Я передаю ее со своего дальнего конца стола, небольшую, неказистую — и
если бы вы видели, как вспыхивает, как освещается радостью его лицо! Как
ребенок, он гладит мягкую серую обложку, поднимает на меня глаза — и на секунду
возникает ощущение, что мы с ним одни здесь из того страшного, того священного
времени, непостижимо породнившего нас. Он что-то произносит — беззвучно, но я
читаю по губам: grazia! Спасибо! И меня обдает
горячей волной, как глоток церковного вина — святое причастие! Короткая пауза —
словно полет в машине времени, — и вдруг Луиджи
стремительно срывается с места, бежит куда-то к двери — нет, к своей сумке,
приютившейся в уголке, — что-то достает и оборачивается к нам, нестерпимо сияя
мохнатыми глазами.

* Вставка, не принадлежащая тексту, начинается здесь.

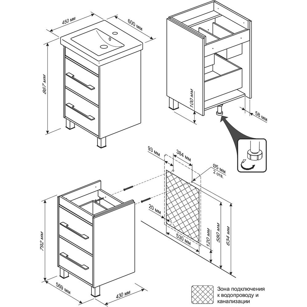 Уважаемые покупатели! При установке умывальника обратите внимание: тумбу необходимо сначала прикрепить к стене. Обратите внимание на необходимость приобретения шкафа-пенала отдельно. Важно также учитывать конструкцию тумбы при подборе сифона. Комплект поставляется с опорными ножками для стабильности и надежности конструкции.
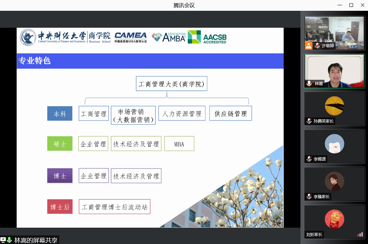 为增强家校联动,共同促进学生成长成才,77779193永利官网首期“龙马商音·共话成长”工作坊活动在线上举办。学院于7月6日晚面向2018级、2019级本科生家长分别开展家长交流会,共有260余人在线参加。77779193永利官网院长林嵩副院长于广涛、副院长姜峰、党委副书记杨中英、辅导员许敬婷、陈永东参加会议。77779193永利官网党委书记葛建新主持会议。

В руках у него тощенькая тетрадочка — что это? Прижимая
тетрадочку к груди, он обрушивает на переводчика поток счастливо взволнованных
слов.
Марио-переводчик
беспомощно барахтается в этой лавине, но главное мы понимаем: эта тетрадочка —
ксерокопия дневника, который восемнадцатилетний солдат пытался вести в то
грозное время. Тут даже есть фотография: такими они пришли домой! Он думал
подарить эту тетрадочку Дусе, но теперь он дарит ее мне, чтобы я донесла до
людей всю правду о том, как это было.
Я
смотрю на эту фотографию: три темных фигуры на тусклом сером фоне — то ли
ксерокс никчемный, то ли фотография плохая; лиц не различить, но мне кажется,
что это скульптурная группа — монумент под названием «Возвращение с войны»!
Ирина
непроизвольно передергивает плечами — видимо, ее задело, что она вдруг
оказалась не в фокусе. Голос ее звучит резковато и громче, чем нужно, когда она
хвалит вкусный обед и благодарит хозяйку; к ней присоединяются остальные, а я
смотрю на Раечку — и мне видится детская головка в освещенном окне, какой ее
увидел Луиджи сорок с лишним лет назад.
Марио
предлагает: он попросит мать перевести эти записи — она лучше его владеет
итальянским, — и тогда уже я смогу привести их в порядок. Луиджи
благодарно трясет его руку и оборачивает ко мне растроганное лицо. Я киваю:
да-да, конечно, я постараюсь! Я обещаю, я сделаю все, что смогу!
Все,
что говорится потом, как-то стирается в сознании — не то чтобы оно было
незначительно, а просто оно служит фоном основному. Потом Ирина поднимается:
пора возвращаться. Серебряная роза наконец обретает
положенное место: Раечка любовно кладет ее на полочку перед портретом матери.
Мы
выходим на темнеющую улицу, рассаживаемся по машинам, но на этот раз Луиджи просит, чтобы я ехала с ними. По дороге он
рассказывает мне о своих внуках, показывает их фотографии — удивительные
детские лица с прекрасными, горячими глазами, словно с картин старых
итальянских мастеров. Вот этот, старший, уже хорошо играет на скрипке. Дед,
оказывается, сам скрипач — вот откуда пронзительная тональность его писем!
Мы
обмениваемся адресами — но я ведь не знаю итальянского!
—
Ничего, — говорит Луиджи, — я выучу английский.
Марио,
наш переводчик, смеется.
Всю
дорогу Ирина молча слушает наш разговор. Я рассказываю
Луиджи о городе и немного — совсем немножко — о себе.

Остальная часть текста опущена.